The son of a veteran cellist has given the orchestra two rare violins.
From the BSO bulletin:
Dr Michael Nieland is the son of former BSO cellist Mischa Nieland who was a member of the BSO for 45 years, from 1943 to 1988. In 2004, four years after his father’s death, Dr. Michael Nieland and his mother, Stella Nieland, made a gift of $1 million to the BSO in honor of Mischa Nieland’s commitment and love for the orchestra, endowing the Mischa Nieland Chair. This chair is currently occupied by cellist Sato Knudsen, who began at the BSO a few years before Mr. Nieland’s retirement.
Like his father, Dr. Nieland has a deep love for music and is a gifted musician. Even after having lived and practiced medicine in Pennsylvania for much of his adult life, Dr. Nieland’s connection to the BSO remains strong. He still holds fondly his memories of growing up with a father in the BSO and recalls, “My father always seemed so pleased to walk onto the stage (at Symphony Hall). He was so reluctant to retire even at age 78.”
Over the years, Dr. Nieland has remained one of the BSO’s most faithful supporters, following annual programming and personnel changes and attending BSO concerts in Symphony Hall and Tanglewood.
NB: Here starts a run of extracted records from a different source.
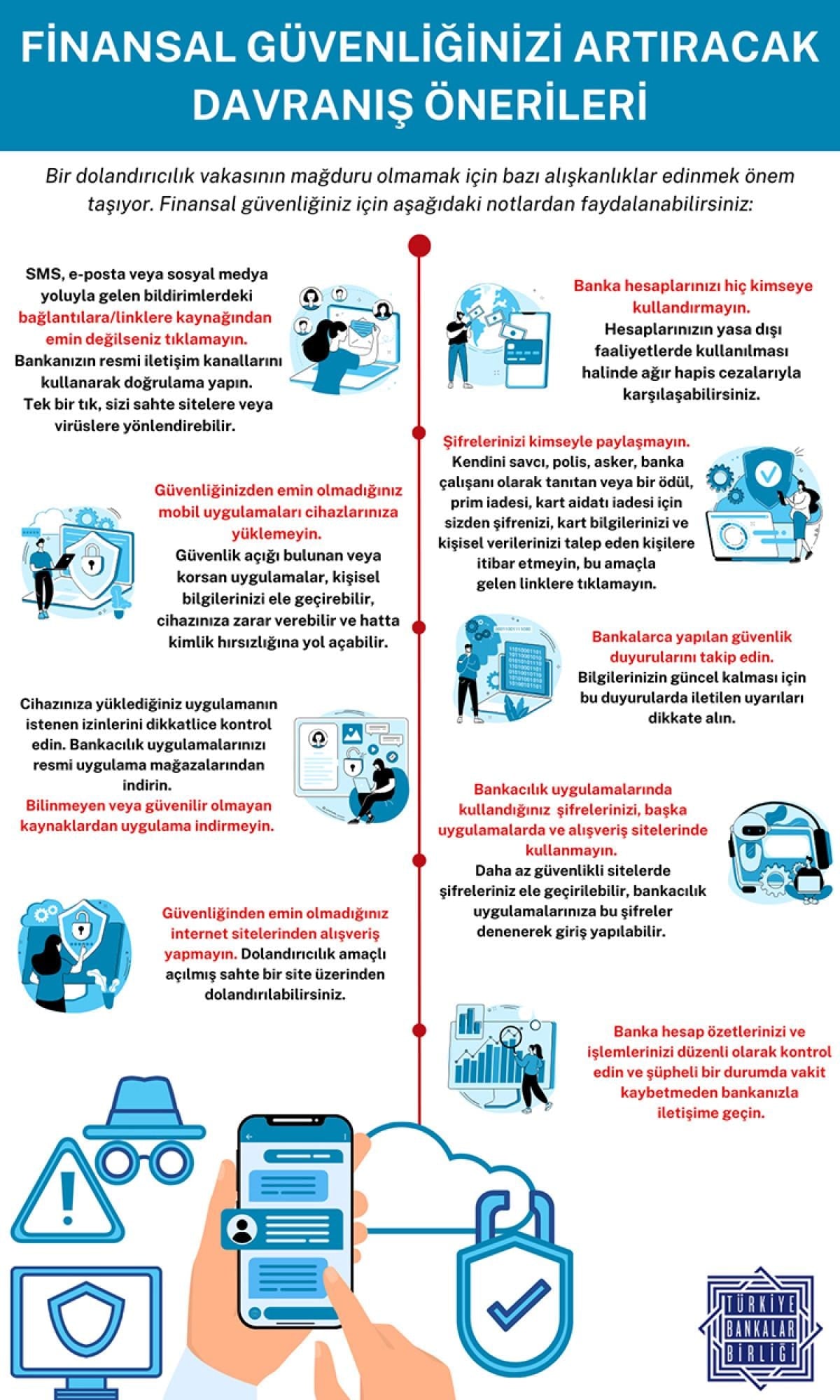 Türkiye Bankalar Birliği (TBB), vatandaşları bilinçlendirmek için oluşturduğu "Finansal Güvenliğinizi Artıracak Davranış Önerileri" konulu çalışmasıyla kullanıcıları dolandırıcılık mağduru olunmaması için uyardı.
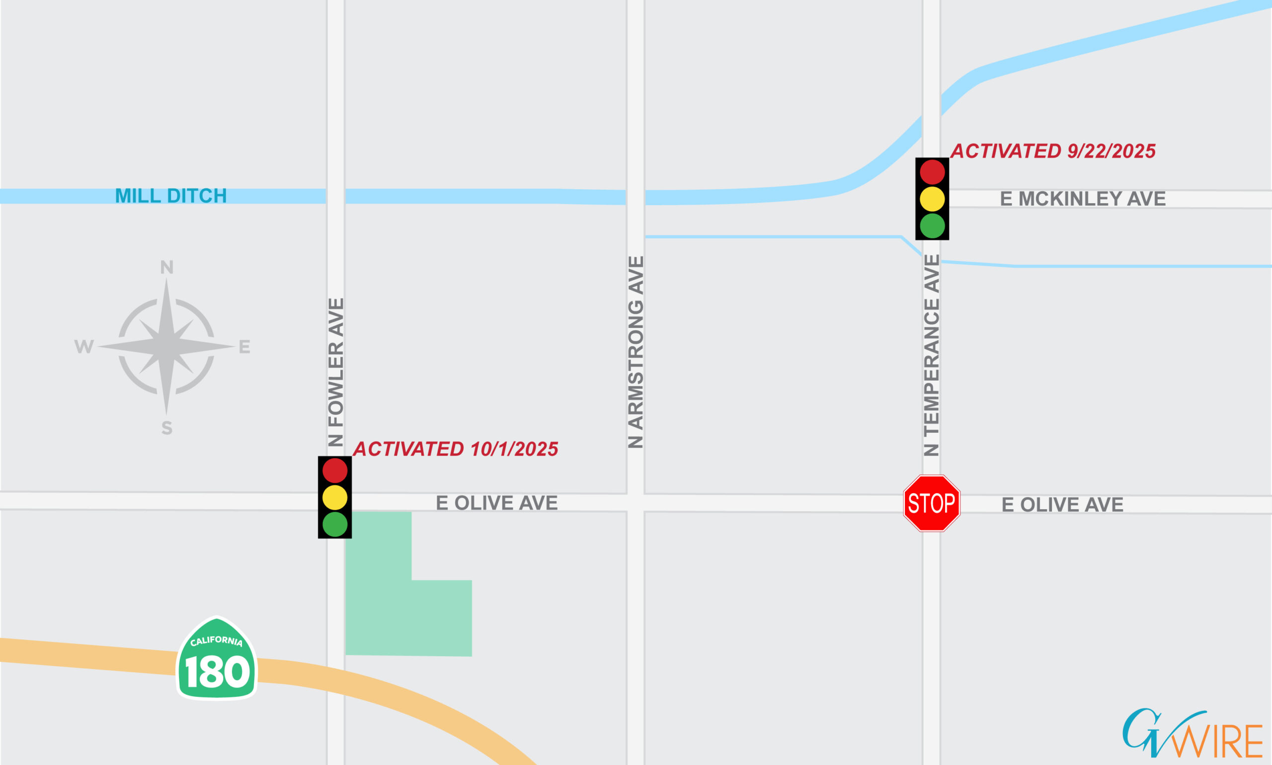 For 10 months, traffic signals stood dark at a busy southeast Fresno intersection — poles and lights installed but inactive. Drivers waited at temporary stop signs at Fowler and Olive avenues to access Highway 180.
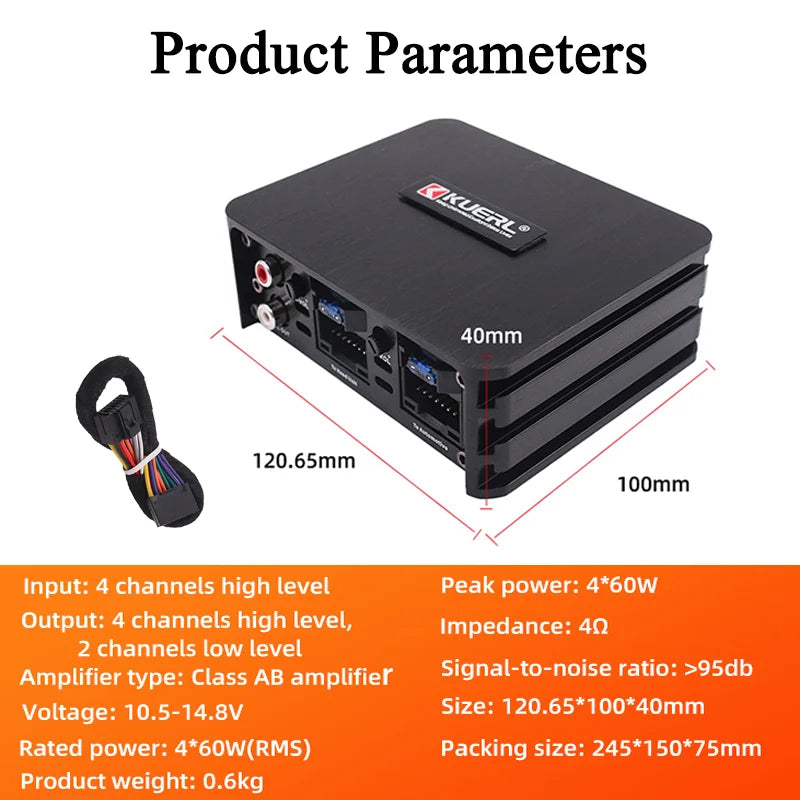 KUERL K-DSP4 работи с мощност на автомобила от 10.5–14.8V и предоставя 4 x 60W RMS при 4 Ω, с максимална мощност от 320W. Той предлага широк честотен обхват (20 Hz–35 kHz) за пълен обхват на звука и верен честотен диапазон (20 Hz–35 Hz) като част от настройките си. Усилвателят предлага ниско ниво на изкривяване (<0.01%) и силно съотношение сигнал-шум (91–100 dB), за да поддържа музиката чиста дори при високи нива на звука. Черното му покритие и здравият алуминиев корпус се съчетават с повечето интериори, осигурявайки надеждно разсейване на топлината и дълготрайна издръжливост. Проектиран за универсални настройки на Android телефони, този модел е готов да се интегрира в различни конфигурации на автомобилното аудио. Забележка: този продукт има два модела, 4x60W и 6x60W.
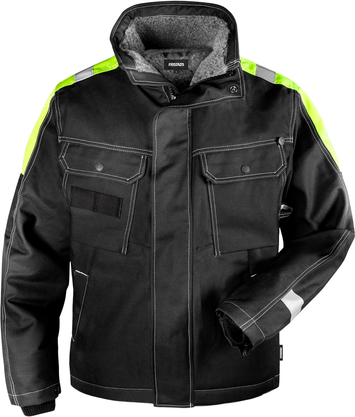 Kestävä talvitakki paksua 100% FAS®-puuvillaa vettähylkivällä pinnalla. Rakentajan takki tekoturkisvuorilla ja heijastavilla yksityiskohdilla parantavat näkyvyyttä. Siirtymässä PFAS-vapaaksi
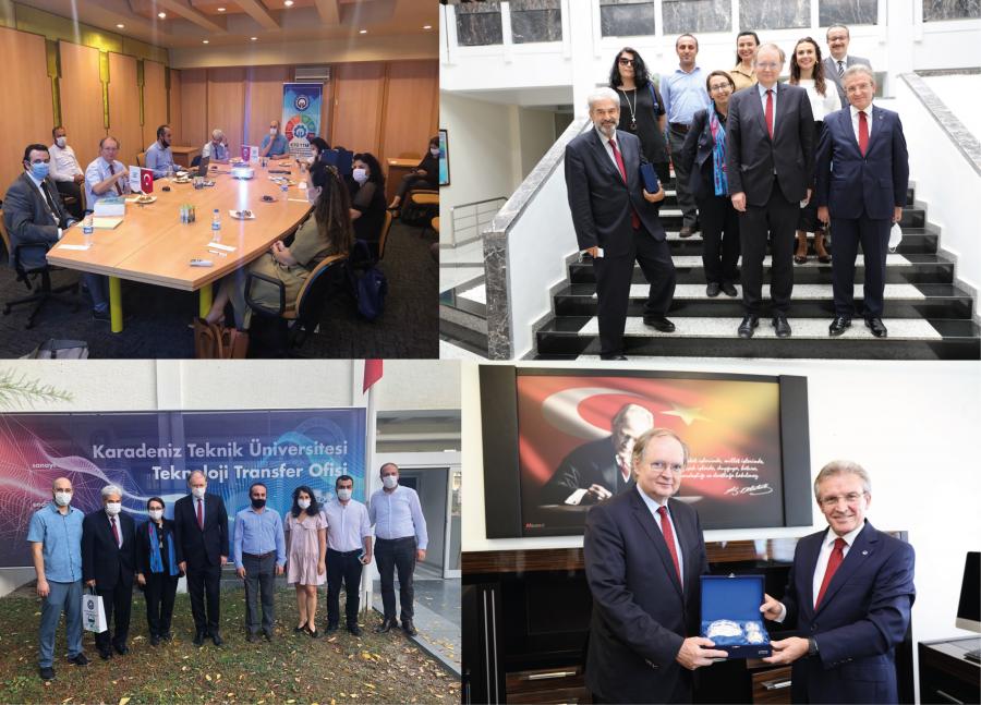 Rektör Yardımcımız Prof. Dr. Halil İbrahim OKUMUŞ tarafından heyete üniversitemiz hakkında genel bilgilendirme yapıldı. Görüşme sonrasında Büyükelçi Sayın BERGER ve Sayın OKUMUŞ tarafından günün anısına her iki tarafa hediye taktim edildi. Sonrasında üniversitemiz Teknoloji Transfer Merkezine geçen heyete AB projeleri başta olmak üzere üniversitemizde yürütülen projeler, üniversite sanayi işbirlikleri, fikri sınai mülkiyet hakları kapsamında yapılan çalışamalar konusunda KTÜ TTM Müdürü Doç. Dr. Oktay YILDIZ tarafından bilgilendirme yapıldı.
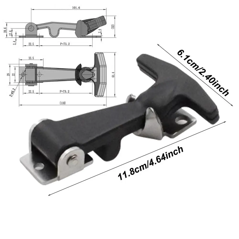 5.Curved T-Handle: Enjoy the secure and good experience with our stainless steel hood catch's comfortable grip, the curved T-handle makes locking usage smooth and easy, which ensures easy to hold usage.
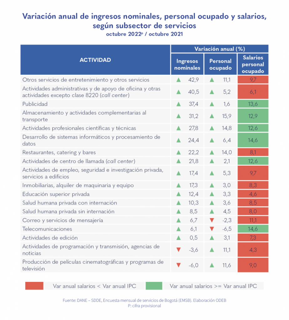 • Para el mes de octubre en Bogotá, seis actividades del sector de servicios tuvieron un aumento en los salarios, mayor a la variación anual del índice de precios al consumidor (IPC).
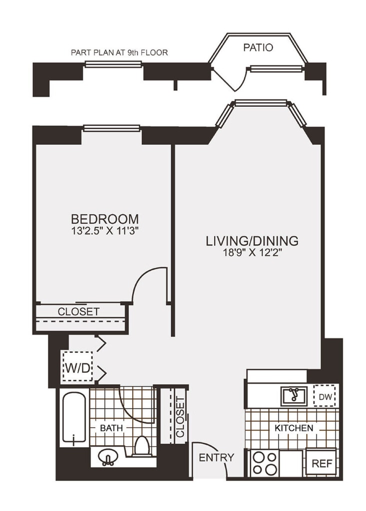 1 Dormitorio, 1 Baño, 801 pies²Galería del Modelo
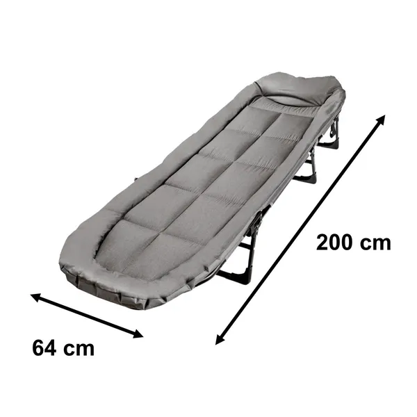 Akár kempingezel, horgászol vagy vendégeket fogadsz otthon, ez a sokoldalú összecsukható ágy gondoskodik a zavartalan pihenésről. A 190 × 63 cm-es fekvőfelület kényelmes, mégis a 3 szegmensű összehajtásnak köszönhetően kis helyen elfér a csomagtartóban vagy a gardróbban.
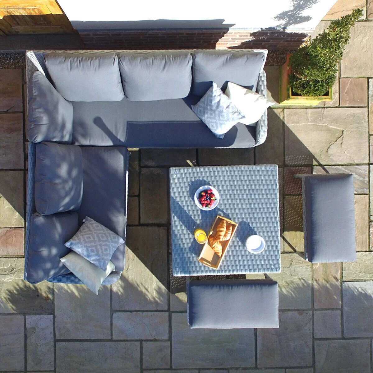Ascot Square Corner Dining Set with Rising Table considers the smaller outdoor living space, compact and symmetrical for any corner of your home. The central dining table offering the option to move from day-time lounging to evening alfresco dining. The square rising table simply lifts from coffee to dining table positions teamed with the popular corner sofa group, and long footstools to maximise use and seating space. The cushions in the Ascot range are coated internally with a water-resistant liner to prevent water permeation. Whilst the outer covers will retain water, they quickly dry in warm weather, so you won’t need to hurriedly collect them in any unexpected UK showers. We do, however, advise that during prolonged periods of non-use or poor weather that the cushions are stored indoors.
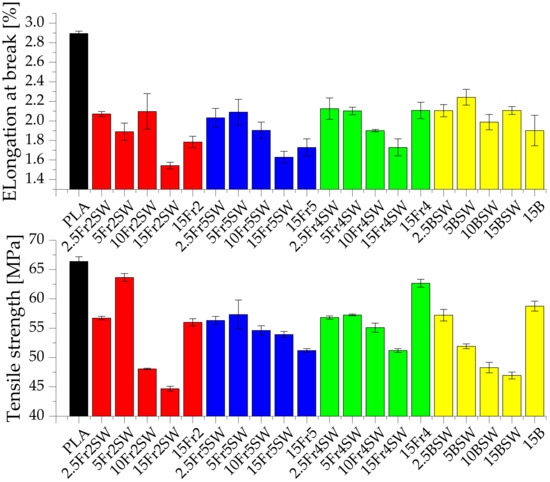 A study was conducted to investigate the effect of the particle size on the mechanical properties of the composites (Figure 5, Figure 6, Figure 7 and Figure S1). It is shown that the diatomaceous earth decreases the strength of the material due to, among other factors, the application of rigid particles as the filler, the presence of air in the frustule, and the tendency of the diatomite to agglomerate, which increases the concentration of the point stresses. The last aspect is the lack of chemical surface treatment of the filler, resulting in limited adhesion on the composite interphase. This implies that pure polylactide shows both a higher elongation at break and tensile strength parameters [26]. When using diatomite loadings in the range of −2.5–15%, we can conclude that the optimum amount of additive, for testing mechanical properties at the break point, includes the addition of 5% fractionated diatomaceous earth. However, the base diatomaceous earth shows an inverse relationship between the tensile strength and concentration. The aspects of the PLA-diatoms interaction and the mechanical behavior of PLA-diatomaceous earth, as well as the filler particle size distribution, have been discussed in detail in the previous work [19]. The addition of the synthetic wax (WTH-B) has a significant effect on reducing the mechanical strength of the systems under investigation, while improving the flow rate. The systems modified with Fraction 2 (5% of the additive), i.e., with a medium range of particles but without any agglomerated particles, have the highest parameters, while Fraction 5 (the smallest particles) boasts a relative stability based on their measurements irrespective of the additive concentration.
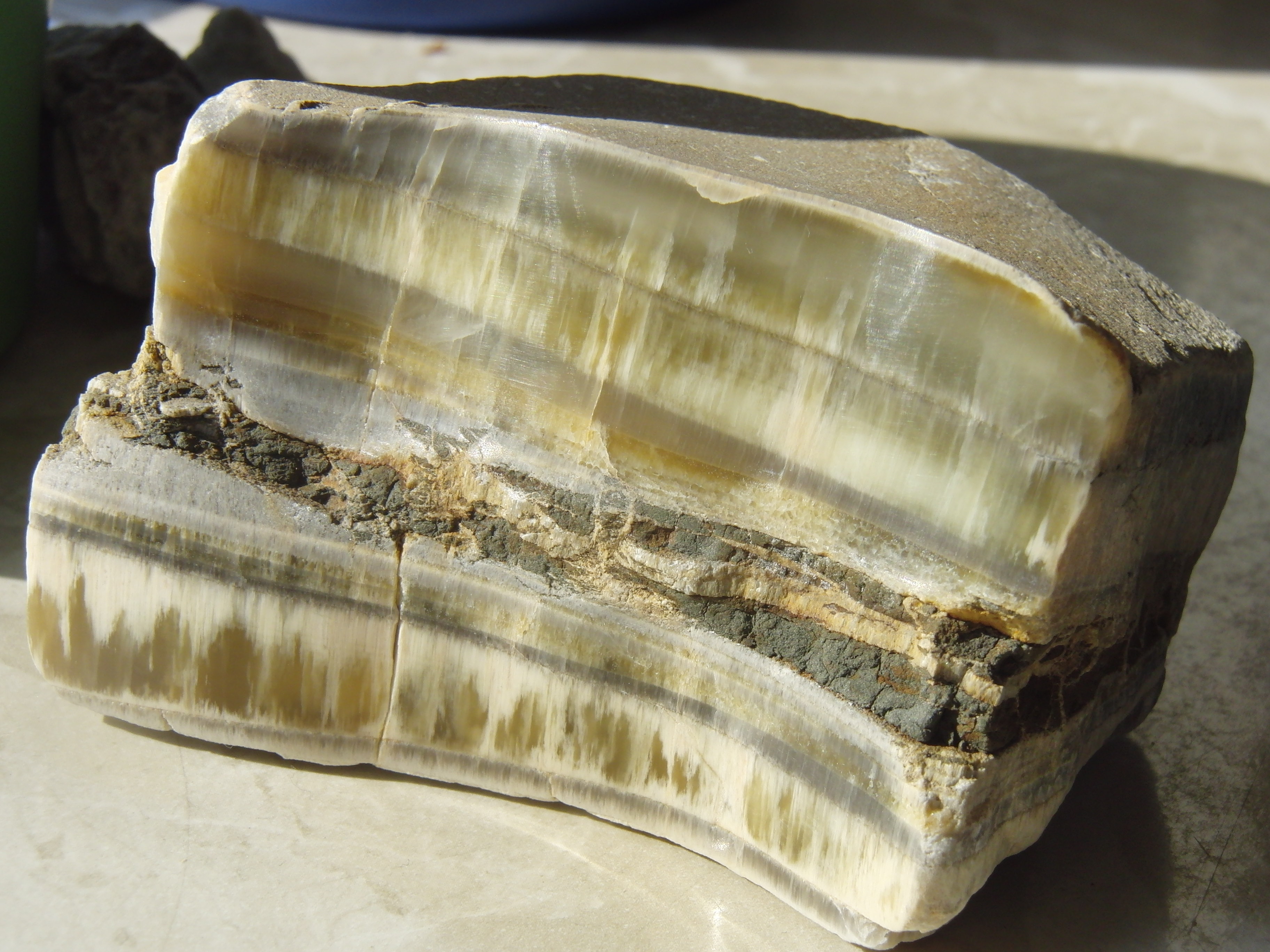 auch ich sammel und bearbeite Faserkalk seit vielen Jahren. Zum Bearbeiten setze ich auf Schleif- und Polierschwämme (100er, 400er, 800er und 1000er). Der Dremel kommt nur selten zum Einsatz. Deine Steine sehen extrem gut poliert aus. Welche Polierpaste benutzt Du. Die Dremel-Polierpaste verursacht leider Verfärbungen im Stein. Derzeit benutze ich als "finish" ein leichtes Waffenöl. So ganz glücklich bin ich aber noch nicht damit. Wenn Du mir hier noch einen Tipp geben könntest, wäre ich glücklich.
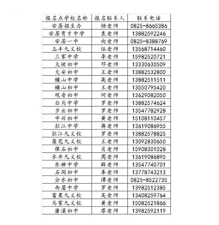 六、安居区2020年中考报名点学校及联系人
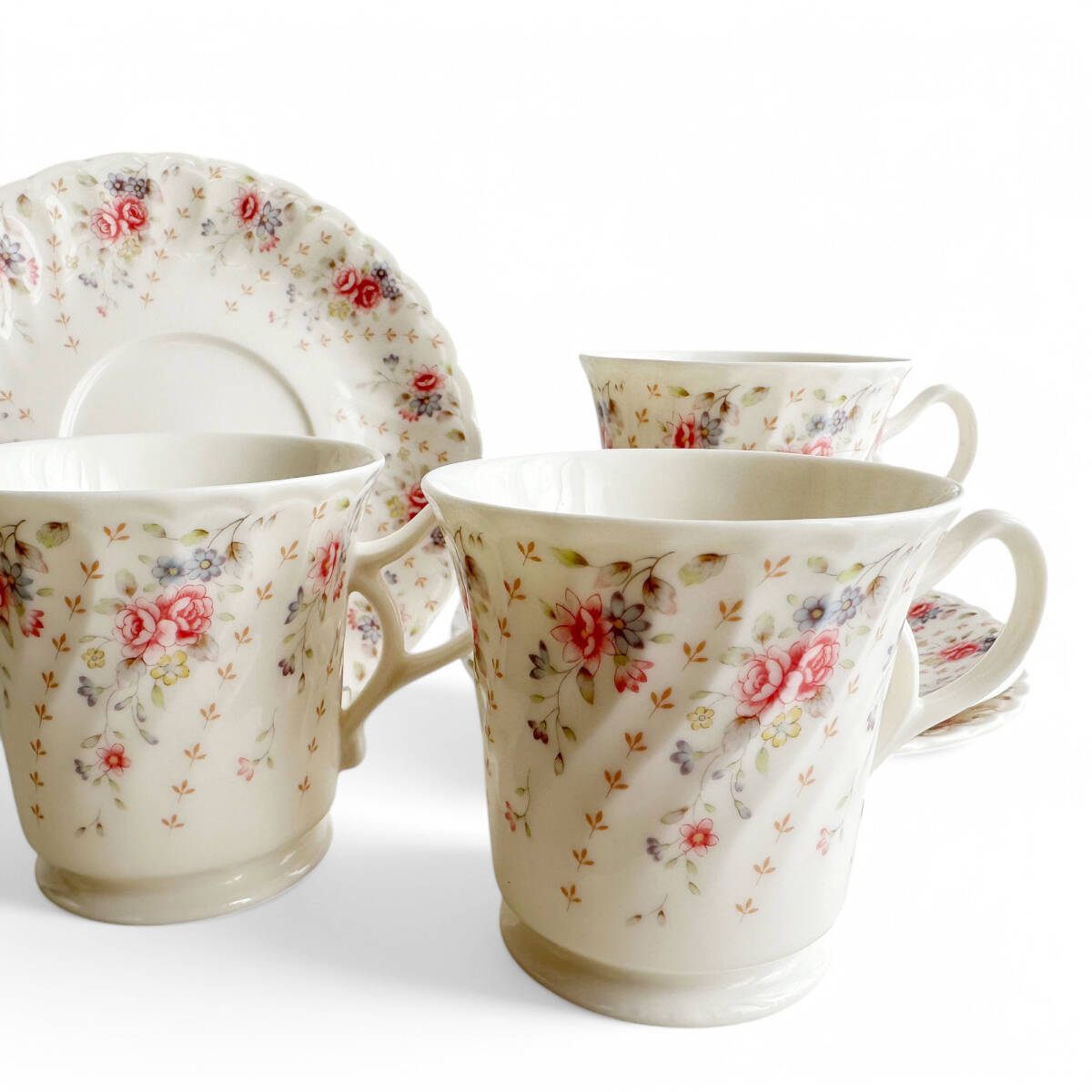> N7-280 SAHASHI カップ&ソーサー 3客 花柄 食器 茶器 昭和レトロ
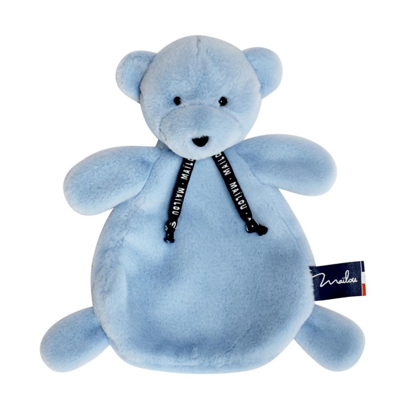 Doudou plat ours bleu, frabrication française. Dès la naissance

It is his love for music, community of family friends and musicians in the BSO, and continuing engagement with the Symphony that led Dr. Nieland to donate two rare 18th century Italian violins to the Orchestra.
The two violins are the 1754 “ex-Zazofsky” crafted by Italian luthier Johannes Baptista Guadagnini and a 1778 instrument crafted by Italian luthier Nicolò Gagliano.
This gift marks a homecoming for the well-documented “ex-Zazofsky” violin, named for former BSO violinist George Zazofsky who performed on the violin during his tenure with the orchestra from 1941 to 1969. George Zazofsky was a good friend of Mischa Nieland and his fishing buddy. Dr. Nieland recalls hearing the exceptional sound Mr. Zazofsky made while playing this same violin over a half century ago at his parents’ home in preparation for a performance the two friends gave together. The instrument’s maker, Johannes Baptista Guadagnini, is widely regarded as one of the greatest luthiers in history, alongside Stradivarius.
When this instrument came on the market about fifteen years ago, Dr. Nieland, a violinist himself, was excited to be able to purchase it. Not only had family friend George Zazofsky played this violin, but Dr. Nieland’s own adored violin instructor Ruth Posselt briefly played the instrument during a solo appearance with the BSO at Tanglewood when she broke a string and borrowed George Zazofsky’s violin to finish her performance. During his years of ownership Dr. Nieland also performed on the Guadagnini as well as on the Gagliano with members of the Pittsburgh Symphony Orchestra in chamber music at his home.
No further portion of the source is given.